Common metre or common measure—abbreviated as C. M. or CM—is a poetic metre consisting of four lines that alternate between iambic tetrameter (four metrical feet per line) and iambic trimeter (three metrical feet per line), with each foot consisting of an unstressed syllable followed by a stressed syllable. The metre is denoted by the syllable count of each line, i.e. 8.6.8.6, 86.86, or 86 86, depending on style, or by its shorthand abbreviation "CM".

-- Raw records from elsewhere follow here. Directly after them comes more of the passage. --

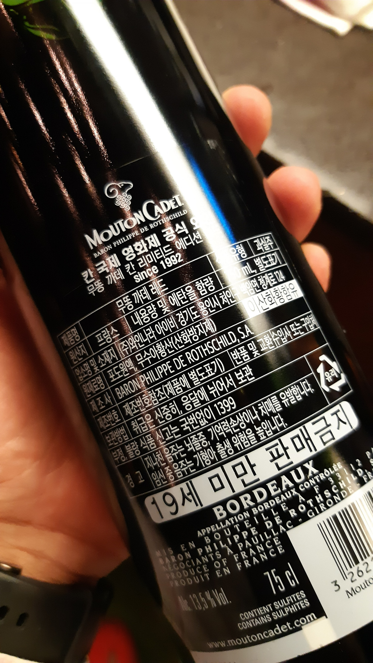 무똥 까데는 우리나라에서 마트에서는 2만원대 와인 전문 샵에서는 3만원데(정가 4만원)에 판매되고 있다.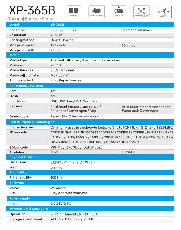 The Xprinter XP-365B is a high-speed thermal printer designed for efficient barcode and receipt printing. Its advanced printing technology ensures clear, precise output, making it ideal for retail, logistics, and healthcare environments. With fast print speeds and reliable performance, it streamlines transaction processes and enhances operational productivity. This model supports various label sizes and is compatible with multiple systems, providing versatile connectivity options for seamless integration into existing setups. Perfect for businesses that demand accuracy and speed in their printing tasks.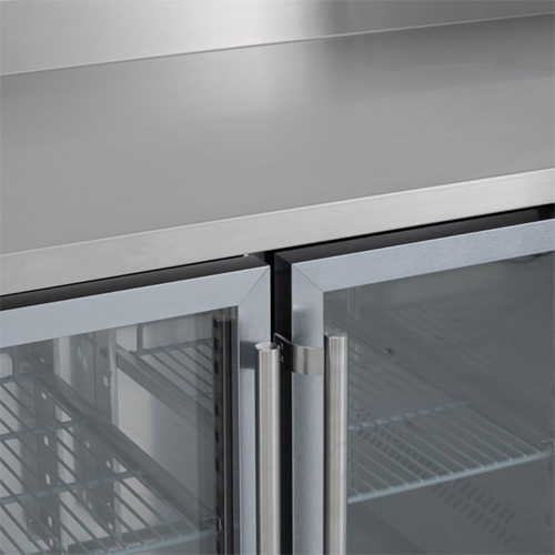 HBC2/CR is a high quality and affordable refrigerated counter solution for commercial catering kitchens. Their glass doors, whilst being attractive, also serve an important kitchen function in making it easier for chefs to see the ingredients available to them without having to open the counter doors, saving energy costs, and reducing the wear on the refrigeration componenets.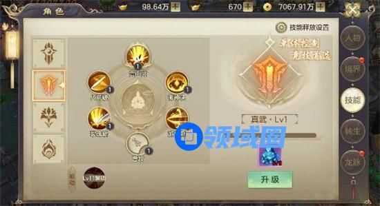 1、在剑玲珑的技能系统中,玩家可以对职业技能进行升级和选择效果的操作。

Common metre has been used for ballads such as "Tam Lin", hymns such as "Amazing Grace", and Christmas carols such as "O Little Town of Bethlehem". A consequence of this commonality is that lyrics of one song can be sung to the tune of another; for example, "Advance Australia Fair", "House of the Rising Sun", "Pokémon Theme" and "Amazing Grace" can have their lyrics set to the tune of any of the others. Historically, lyrics were not always wedded to tunes and would therefore be sung to any fitting melody; "Amazing Grace", for instance, was not set to the tune "New Britain" (with which it is most commonly associated today) until fifty-six years after its initial publication in 1779.

==Variants==
Common metre is related to other poetic forms.

===Ballad metre===
Like common metre, ballad metre comprises couplets of tetrameter (four feet) and trimeter (three feet). However, the feet need not be iambs (with one unstressed and one stressed syllable): the number of unstressed syllables is variable. Ballad metre is "less regular and more conversational" than common metre.

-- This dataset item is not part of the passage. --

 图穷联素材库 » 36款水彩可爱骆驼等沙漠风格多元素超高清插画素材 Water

In each stanza, ballad form typically needs to rhyme only the second lines of the couplets, not the first, giving a rhyme scheme of ABCB, while common metre typically rhymes both the first lines and the second lines, ABAB. A ballad in groups of four lines with a rhyme scheme of ABCB is known as the ballad stanza.

He does not rise in piteous haste
   To put on convict-clothes,
While some coarse-mouthed Doctor gloats, and notes
   Each new and nerve-twitched pose,
Fingering a watch whose little ticks
   Are like horrible hammer-blows.
— Oscar Wilde

===Fourteener===

The fourteener is a metrical line of 14 syllables (usually seven iambic feet).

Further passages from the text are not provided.